(Collection entries)
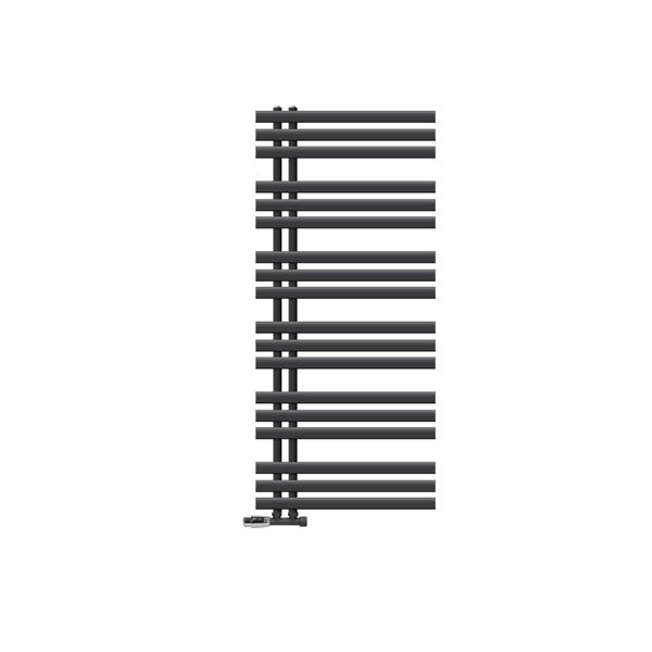 LuxeBath Badheizkörper Iron EM 600x1400 mm Anthrazit Mittelanschluss mit Anschlussgarnitur und Thermostat Eck Wand, Design Heizkörper Bad Heizung Handtuchwärmer Handtuchtrockner Handtuchheizkörper
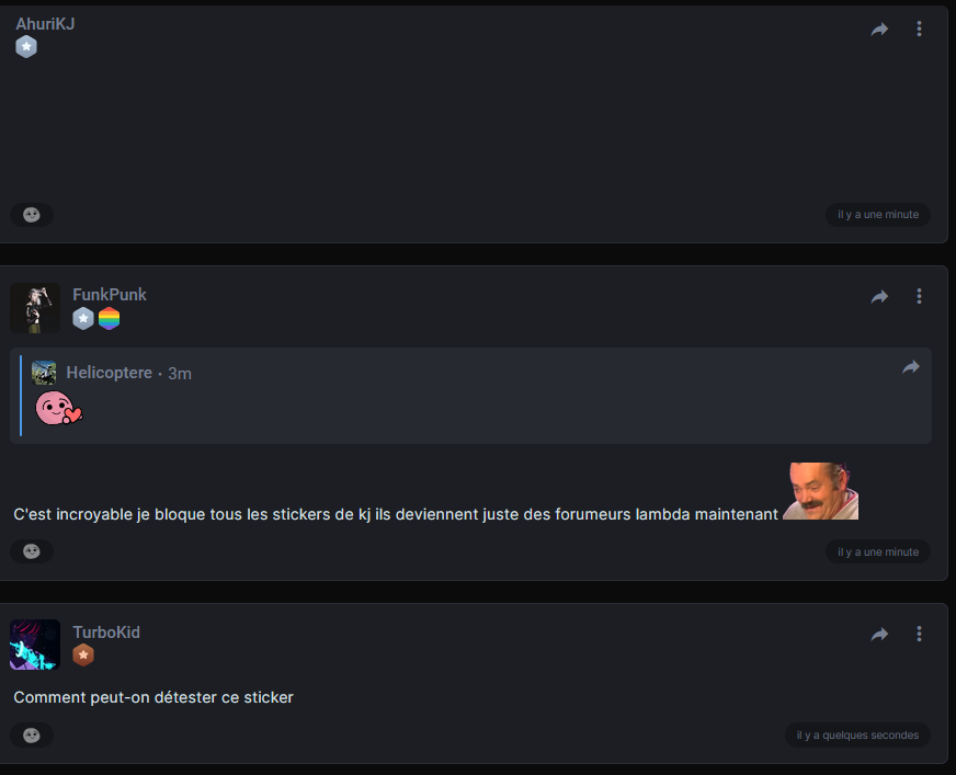C'est incroyable je bloque tous les stickers de kj ils deviennent juste des forumeurs lambda maintenant
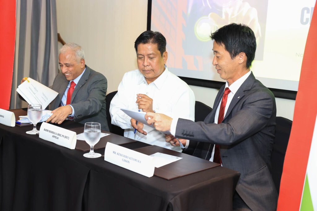 L-R) Anuj Aggarwal (President and CEO, Canon Marketing Philippines), RADM Nichols A. Driz, PN (Ret) (President and CEO, AFPSLAI), Kenichiro Kitamura (BIS Director, Canon Marketing Philippines)
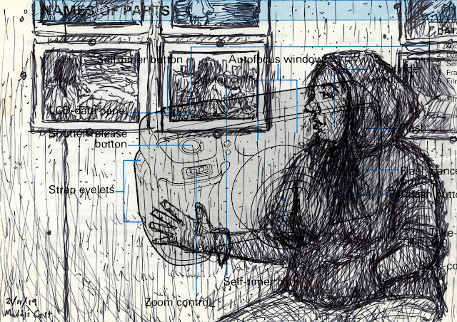 Katie Playing on Her Phone, 2/15/19, Pen on vintage camera guide
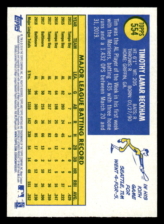2019 Topps Heritage #554 Tim Beckham (Mariners)
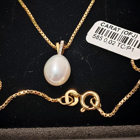 Perlen har en top af sølv og kæden er lavet / designet af en lokal sølvsmed.

ACTION ITEM => With the pictures omitted, print each line of the data above precisely as given.

ANSWER SECTION =>
 LuxeBath Badheizkörper Iron EM 600x1400 mm Anthrazit Mittelanschluss mit Anschlussgarnitur und Thermostat Eck Wand, Design Heizkörper Bad Heizung Handtuchwärmer Handtuchtrockner Handtuchheizkörper
C'est incroyable je bloque tous les stickers de kj ils deviennent juste des forumeurs lambda maintenant
 L-R) Anuj Aggarwal (President and CEO, Canon Marketing Philippines), RADM Nichols A. Driz, PN (Ret) (President and CEO, AFPSLAI), Kenichiro Kitamura (BIS Director, Canon Marketing Philippines)
 Katie Playing on Her Phone, 2/15/19, Pen on vintage camera guide
2019 Topps Heritage #554 Tim Beckham (Mariners)
 Perlen har en top af sølv og kæden er lavet / designet af en lokal sølvsmed.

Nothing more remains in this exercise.